E conclui : “Não se trata de abdicar de uma atitude crítica e de
justificar o conformismo (…)”, mas “toda a atenção, vigilância e exigência
necessárias não dispensam humildade, bom senso e capacidade de discernimento,
evitando o recurso a bodes expiatórios para sustentar a arrogância das nossas
opiniões. Não faltam motivos para criticar cientistas e políticos – uns por não
chegarem a conclusões, outros por chegarem a conclusões erradas ou atrasadas-,
mas é preciso fundamentá-los e não cair na exasperação gratuita de atirar o
barro à parede”.
Ora, o que mais temos visto por aí, no “achismo” presumido de amadores torturadores
de dados estatísticos, é falta de “humildade,
bom senso e capacidade de discernimentos”, avidamente à procura de bodes
expiatórios, manipulando ou forçando dados estatísticos até darem “razão” à sua
presunção.
Um dos momentos mais significativos dessa manipulação estatística aconteceu
no Jornal da Noite da SIC, na passada 6ª feira.
Rodrigo Guedes de Carvalho apresentou nesse noticiário um gráfico
animado mostrando a evolução da mortalidade provocada, a nível mundial, pelo
covid-19, em comparação com outras causas de mortalidade. No fim o Covid
ultrapassa as mortes por Malária e situa-se num primeiro lugar “destacado”.
Os números estavam correctos, mas, ao eliminar desse gráfico, algumas
das mais graves causas da mortalidade a nível mundial, com a única excepção da
malária, esse gráfico animado foi a prova cabal como se podem manipular dados
estatístico verdadeiros, para realçar o espectáculo de terror gerado à volta do Covid, em
nome das audiências.
Por exemplo, a maior parte dos dados apresentados comparativamente como o Covid reportavam-se a situações
de pouca mortalidade registadas no primeiro semestre do ano de 2020.
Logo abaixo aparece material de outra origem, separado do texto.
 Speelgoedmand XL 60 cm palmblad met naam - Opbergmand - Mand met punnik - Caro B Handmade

Não estavam lá, por exemplo, o conjunto de doenças transmissíveis que,
até esse dia, a nível mundial, já tinham morto cerca de 6 milhões de pessoas,
não estavam lá os mortos por cancro, mais de 4 milhões este ano até essa data,
não estavam lá os óbitos por fumo, cerca de 2 milhões e meio, os óbitos por
alccol, pouco mais de 1 milhão, os mortos por Sida, mais de 800 mil, os mortos
em acidente automóvel, mais de 600 mil (dados retirados AQUI).
Das grandes causas de mortalidade, apenas a Malária constava nesse
gráfico, talvez porque o total de mortos registado até essa data este ano
tivesse sido ultrapassado, poucos dias antes, pelos mortos por Covid.
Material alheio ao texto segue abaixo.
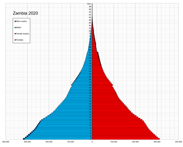 Население Замбии составляет около 19,61 миллионов человек по последней переписи населения 2022 года, из которых бемба 21,5 %, тонга 11,3 %, лози 5,2 %, другие 45,9 %.[15]. Плотность населения — 19,3 человек на км². В городах проживает 39,2 % населения страны (2011)[15].

Foram assim eliminados desse gráfico (sem indicação das fontes) as
principais causa de morte, para não “assombrar” a ascensão do Covid.
Mas a diferença entre a Malária e o Covid também não é tão grande como
a manipulação final desse gráfico dava a entender. Até esse dia tinham-se
registado 477 952 mortos por Malária, total do ano, e 478 642 pelo
Covid.
Ceder ao espectáculo gratuito não é uma grande ajuda para combater a
epidemia.
Se não esperamos muito das redes sociais, esperávamos um pouco mais de
rigor e seriedade na comunicação social dita de referência.